Optimum Design of Plane Steel Frame Structures Using Second-Order Inelastic Analysis and a Genetic Algorithm

Abstract

A genetic algorithm (GA)-based optimum design algorithm and a program incorporated with the refined plastic hinge analysis method, one of the second-order inelastic analysis methods, are presented. In the refined plastic hinge analysis method, geometric nonlinearity is considered by using the stability functions of beam-column members, and the material nonlinearity is considered by using the gradual stiffness degradation model that includes the effects of residual stresses, moment redistributions by the occurrence of plastic hinges, and geometric imperfections of members.
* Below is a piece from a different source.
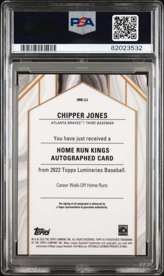 2022 Topps Luminaries #HRKCJ Chipper Jones PSA 9 MINT Auto 9/10 Atlanta Braves Baseball Card

In the genetic algorithm, the tournament selection method and micro-GAs are employed. The fitness function for the genetic algorithm is expressed as an unconstrained function composed of objective and penalty functions. The objective and penalty functions are expressed, respectively, as the weight of steel frames and the constraint functions accounting for the requirements of load-carrying capacity, serviceability, ductility, and constructability. To verify the appropriateness of the proposed method, the optimum design results of several plane steel frames obtained by the present study incorporating the refined plastic hinge analysis method are compared with those by others incorporating the AISC-LRFD elastic, geometric nonlinear, and plastic zone analysis methods.